What is needed -> Nothing but the lines from the one containing "Скелет кота имеет" through the last line of the records below should be copied, exactly and without pictures.

· · ·

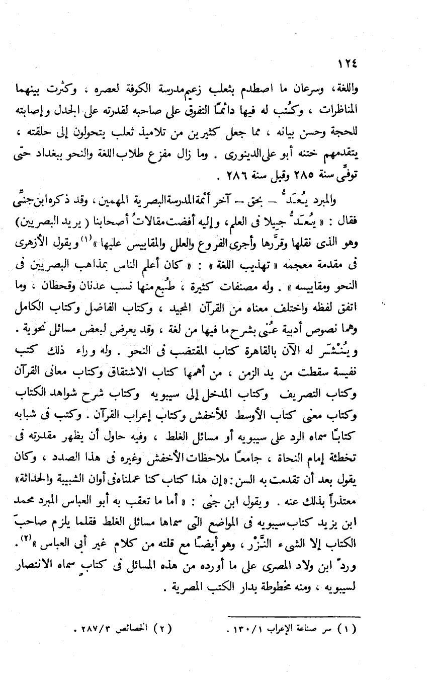 واللغة، وسرعان ما اصطدم بثعلب زعيم مدرسة الكوفة لعصره، وكثرت بينهما المناظرات، وكتب له فيها دائما التفوق على صاحبه؛ لقدرته على الجدل وإصابته للحجة وحسن بيانه، مما جعل كثيرين من تلاميذ ثعلب يتحولون إلى حَلْقته، يتقدمهم ختنه أبو علي الدينوري. وما زال مفزع طلاب اللغة والنحو ببغداد, حتى توفي سنة 285 وقيل: سنة 286.
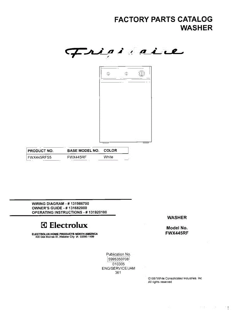 Parts for Frigidaire FWX445RFS5: 01 - Cover Parts
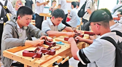 课后服务时段,武汉市十一初级中学的学生们体验做木工活,锻炼动手能力。
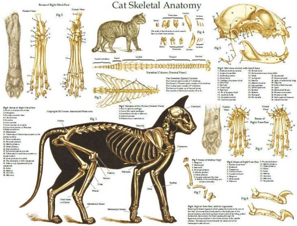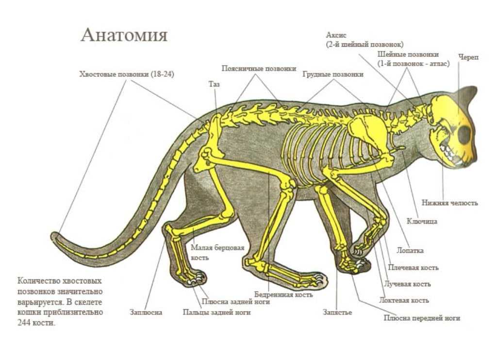 Скелет кота имеет в среднем 250 костей и выполняет важные функции:
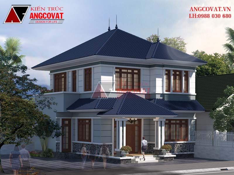 Mẫu số 1: Gợi ý câu trả lời xây nhà 2 tầng 100m2 hết bao nhiêu tiền thông qua mẫu biệt thự 2 tầng mái thái ở Hà Nội
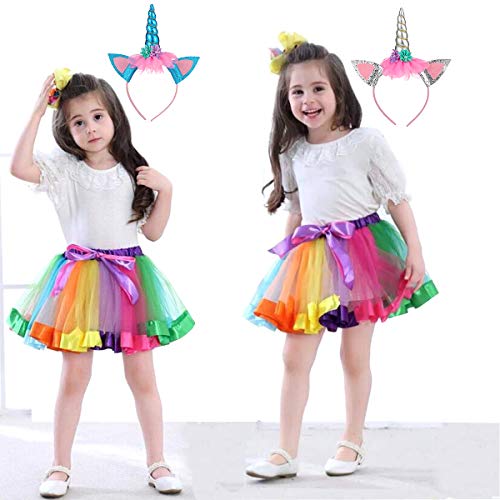 Rainbow Unicorn Tutu Skirt, Toddler Princess Dress Up Costume Set with Unicorn Headband for Dance Party Carnival

· · ·

Task response ->
 Скелет кота имеет в среднем 250 костей и выполняет важные функции:
 Mẫu số 1: Gợi ý câu trả lời xây nhà 2 tầng 100m2 hết bao nhiêu tiền thông qua mẫu biệt thự 2 tầng mái thái ở Hà Nội
 Rainbow Unicorn Tutu Skirt, Toddler Princess Dress Up Costume Set with Unicorn Headband for Dance Party Carnival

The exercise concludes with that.